High breast cancer mortality was also observed along the Ebro river in postmenopausal women and near the left bank of the Guadalquivir River in premenopausal women. Both rivers are included among fluvial areas with chemical pollution in Spain[57]. The Ebro river has received a great amount of pollutants, including pesticides, hydrocarbons and nitrates[57]. A recent study shows that organochlorine contaminants continue to be of concern in this area and that, among its degradation products, DDT still predominates, indicating recent inputs of this banned substance[58].

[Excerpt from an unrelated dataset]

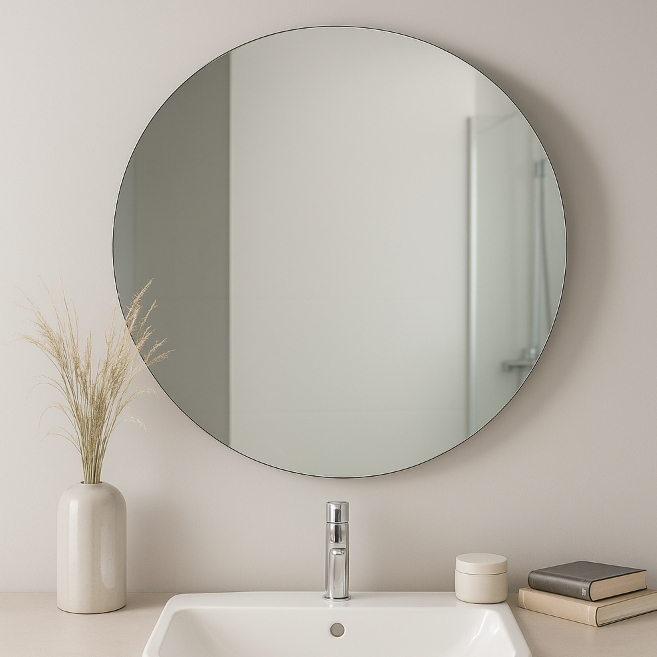 Espelho Redondo De Vidro Lapidado - 60cm X 60cm Decoração Sala Corpo Inteiro

Even though breast cancer mortality has begun to decline in Spain, a heterogeneous geographical pattern is in evidence, with higher rates in the Canary Islands, the Balearic Islands, the Mediterranean coast of Catalonia and Valencia, and a series of municipalities around the Ebro River. Among premenopausal women, increased mortality was also observed for municipalities located along the last third of the Guadalquivir River. As has been previously reported in other contexts, mortality rates are positively associated with socio-economic status and negatively associated with rurality and the presence of a higher proportion of persons over the age of 64 years (born before 1931). Taken together, these variables represent the influence of lifestyle factors that have determined the increase in breast cancer frequency over recent decades. On the other hand, the results for the younger group of women would suggest an attenuation of the socio-economic gradient in breast cancer mortality. The geographical variation mainly suggests the influence of other environmental variables, though a heterogeneous distribution of genetic factors cannot be ruled out. The descriptive nature of this study means, however, that the main determinants of this pattern cannot be ascertained.